Your will should specify your beneficiaries, or the people or charities you want to receive money or other property when you die. Common beneficiaries in wills include children, spouses, or other family members or loved ones, as well as institutions like colleges or charities. If you do not specify your beneficiaries, your assets will be distributed according to state law, which may not reflect how you want them distributed.
The executor of your estate is the person who will carry out the instructions in your will. Your executor should be someone whom you trust to follow your wishes and someone who is a legal adult. You may want to name a "backup" executor in case your first choice dies before you do or does not want the job when the time comes. If the executor you choose cannot or will not perform, most courts will appoint an executor.
If you have minor children, you should name one or more persons to be the children's legal guardian if you pass away before they reach adulthood. You may also want to name a second guardian in case the first one passes away before you do, cannot care for your children or does not want to.

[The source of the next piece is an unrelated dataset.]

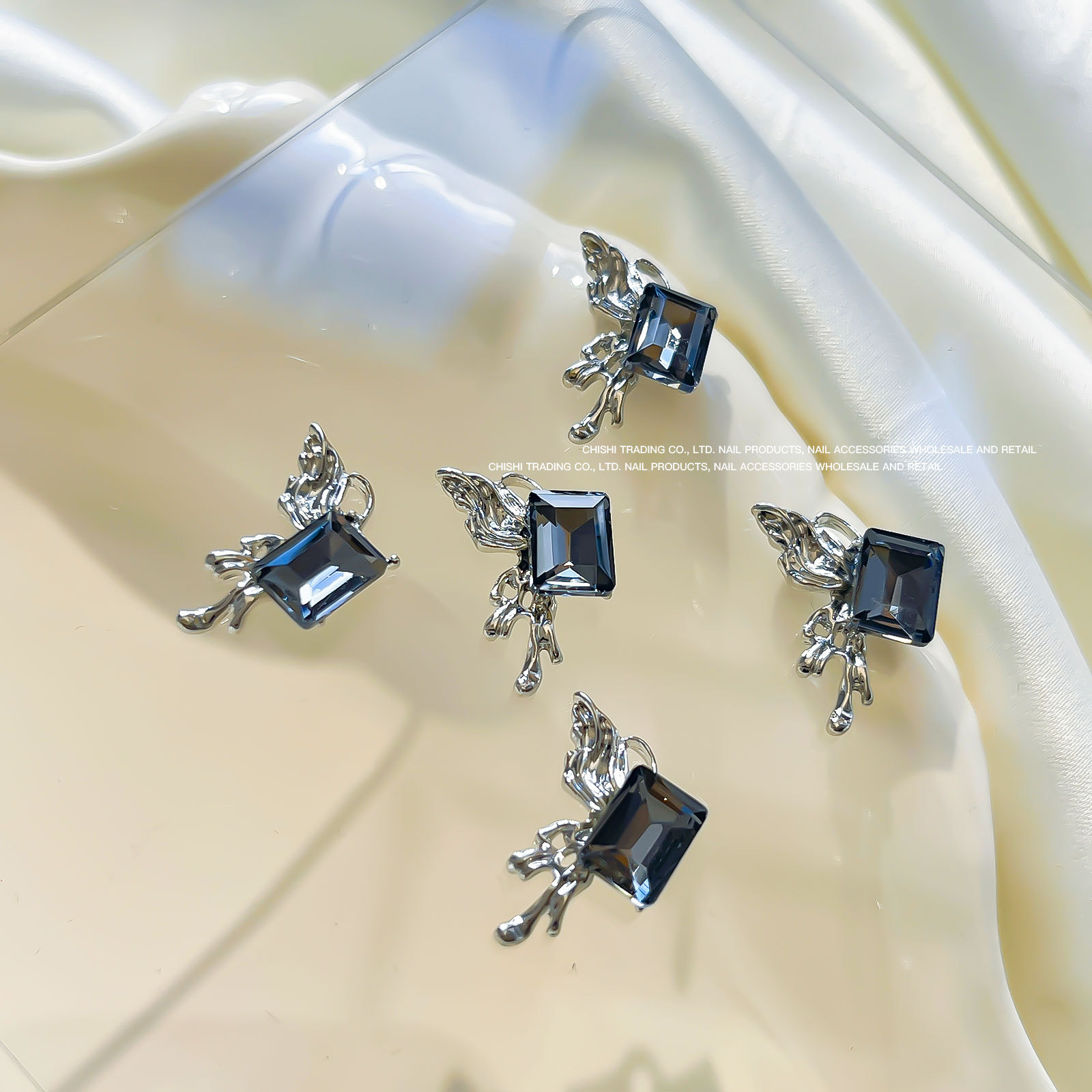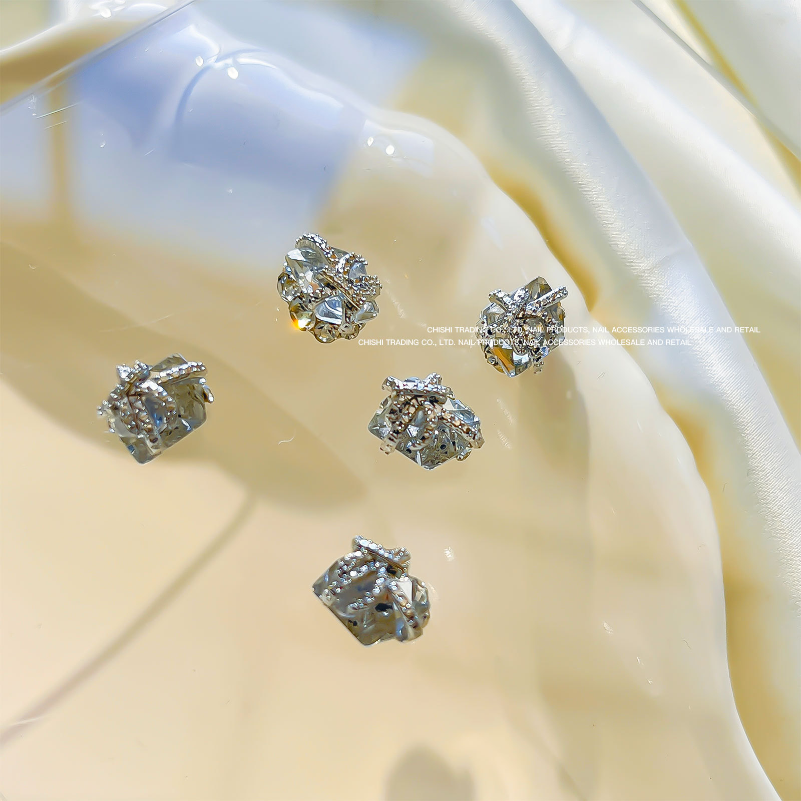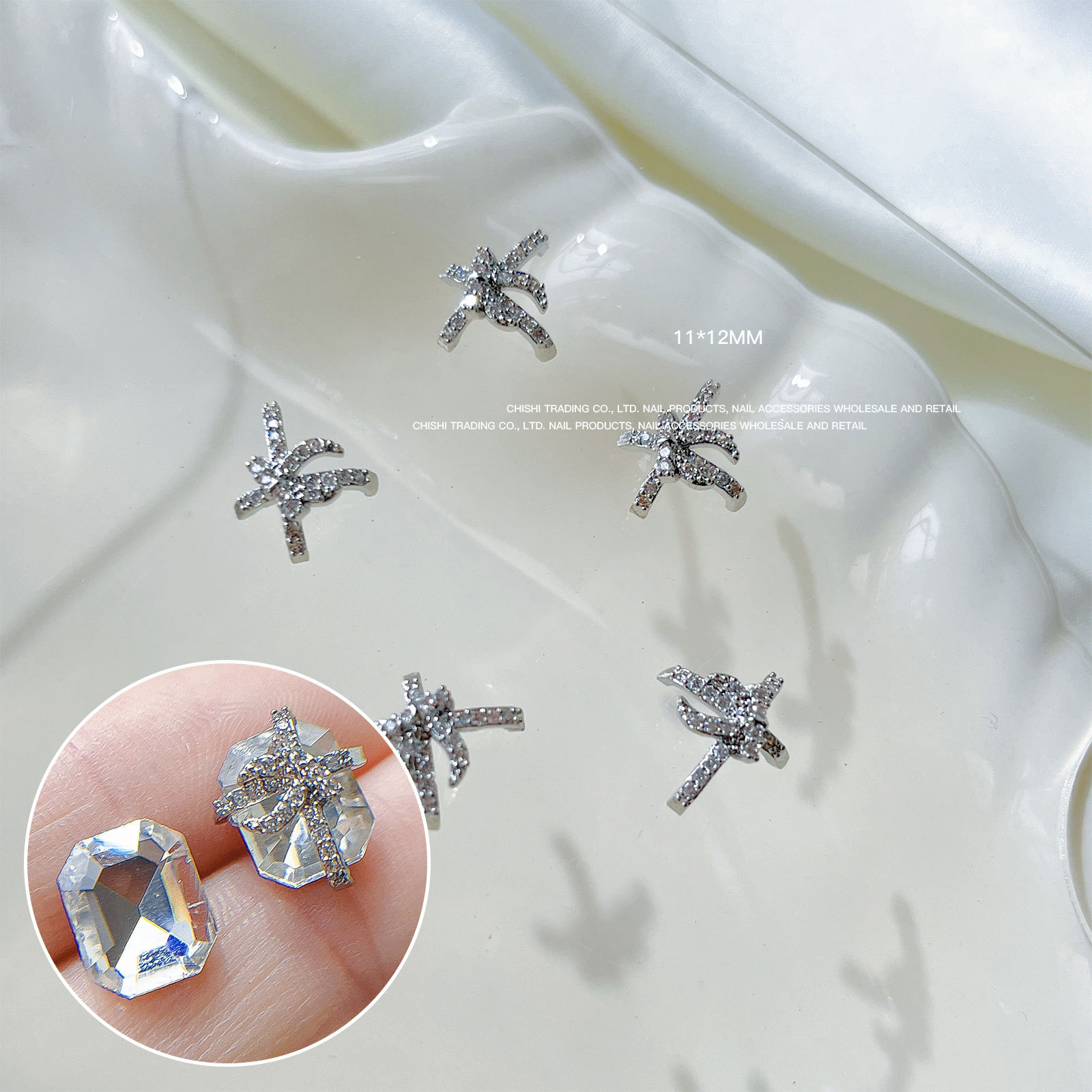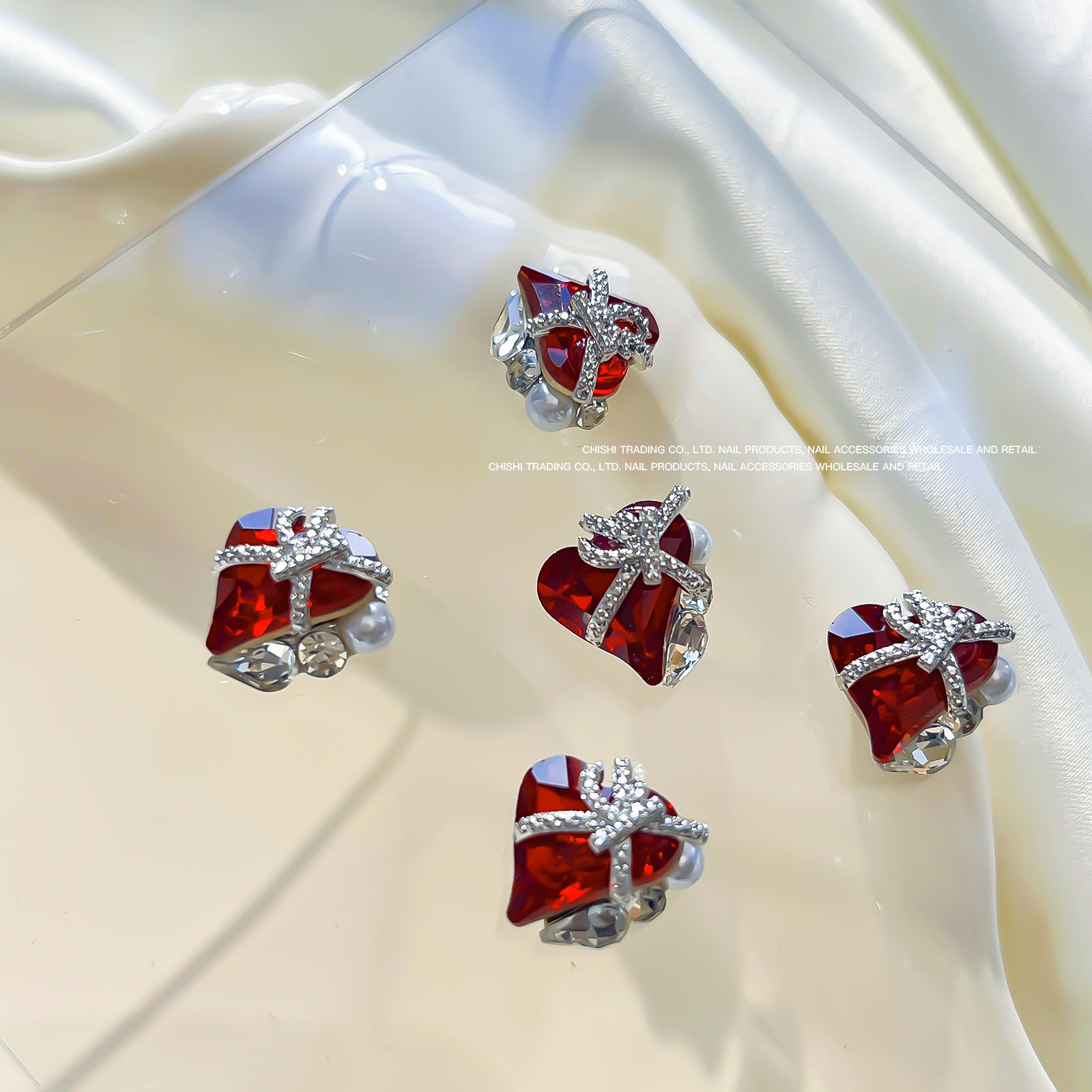 붕대 선물 클립 다이아몬드 네일 보석 새해 선물 상자 비뚤어진 심장 긴 직각 나비 다이아몬드 네일 장식 도매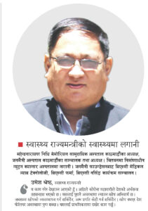 झन्डै ५० करोड लगानी गरेर यही वर्षदेखि ‘हस्पिटल चेन’ बनाउने अभियानमा लागेका व्यवसायी उमेश श्रेष्ठलाई प्रधानमन्त्री शेरबहादुर देउवाले स्वास्थ्य राज्यमन्त्रीको जिम्मा दिएका छन् । कांग्रेसका समानुपातिक सांसद श्रेष्ठ प्रधानमन्त्रीपत्नी आरजु देउवाका व्यवसायिक साझेदार पनि हुन् ।

You may or may not wish to name a conservator if you have minor children. A conservator is someone who will manage any money you leave for the children on the children's behalf until they reach adulthood. The guardian and the conservator are usually the same person, but some states allow you to appoint a second person as conservator. Choosing a separate conservator may be wise if you do not trust the children's guardian with their money or the guardian does not want to manage the children's money.
Conditions on Gifts
Based on your circumstances, you may want to place certain conditions on gifts you are leaving to family members or charities. The law in most states allows you to use conditions such as age restrictions -- for instance, if you do not want a child to inherit until age 25, most states will honor this restriction if it appears in your will. However, you cannot make any restriction that "offends public policy," such as prohibiting a spouse or child from marrying.
Certain assets must be included in your will if you wish them to pass to your beneficiaries in the way you have directed. For instance, any money or investments you own in your own name, your house, and your personal possessions should be listed in your will. Some assets, such as jointly owned bank accounts and life insurance policies, do not need to be listed in your will because they pass immediately to the other owner or beneficiary on your death.
If you wish to exclude someone from your will, you may wish to make your exclusion clear, according to the Chronic Illness Alliance. However, it is wise to consult an attorney before doing so to ensure the exclusion is worded correctly. Exclusions often result in a will being challenged, especially if the will specifies a reason for the exclusion that the excluded person finds slanderous. If you wish to exclude a child, you must specify that you wish to do so. A child whose name does not appear in the will is usually entitled to a percentage of the estate in most states. Unlike children, you cannot exclude your spouse.
You may wish to include a secondary or "backup" plan in your will in case one of your beneficiaries passes away before you do or is otherwise unable to receive his or her share of your estate. For instance, you may wish to specify that the portion of your estate that was supposed to go to your child should go to his or her spouse or your grandchildren instead.